Cluster detection and error correction
Peter Cameron's Blog 2024-09-22
A thought, possibly worthless, but I will record it anyway.
Today I heard a talk by Brian Franczak from MacEwan University. It was on cluster detection in data, a big topic in artificial intelligence now. The new feature was that he and his colleagues were detecting clusters in data where there is missing or corrupted data. They had an algorithm, and their implementation of it compares favourably in both performance and runtime with more established algorithms.
After the talk, somebody asked a question, which I completely failed to hear. What I thought had been asked was: can this method be used for error correction, when data is transmitted through a noisy channel which can erase or alter some symbols in a transmitted word?
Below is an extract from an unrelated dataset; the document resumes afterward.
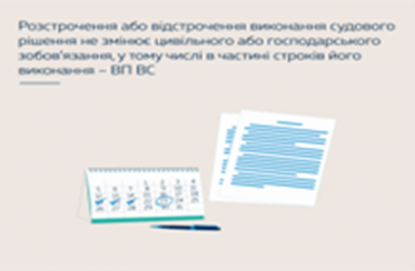 Таким чином, розстрочення або відстрочення виконання судового рішення не змінює цивільного або господарського зобов’язання, у тому числі в частині строків його виконання. Натомість таке розстрочення або відстрочення унеможливлює примусове виконання судового рішення до спливу строків, визначених судом.
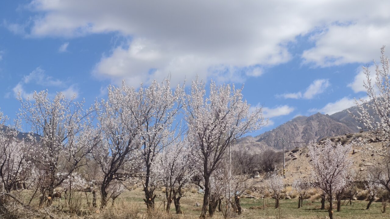 2026年4月13日,新疆哈密市伊州区西山乡卡拉卡依提村,漫山杏花绽放。通讯员达吾提·热夏提 摄

This was not the question actually asked, but I think that the answer is yes. As usual in error correction, we will only transmit words from a code having the property that any two of its words are at a considerable distance apart. So we proceed as follows. If not too many errors are made, then the received word will be closer to the transmitted word than to any other codeword. So the received words will form clusters centred on codewords, and identifying the cluster containing a given received word will determine the transmitted word uniquely (provided that not too many errors have actually occurred).
So the remaining question is whether their algorthm competes with any of the many known decoding algorithms. This is not a trivial question, since the general problem of decoding linear codes is known to be NP-complete, so there is room for new ideas in the field.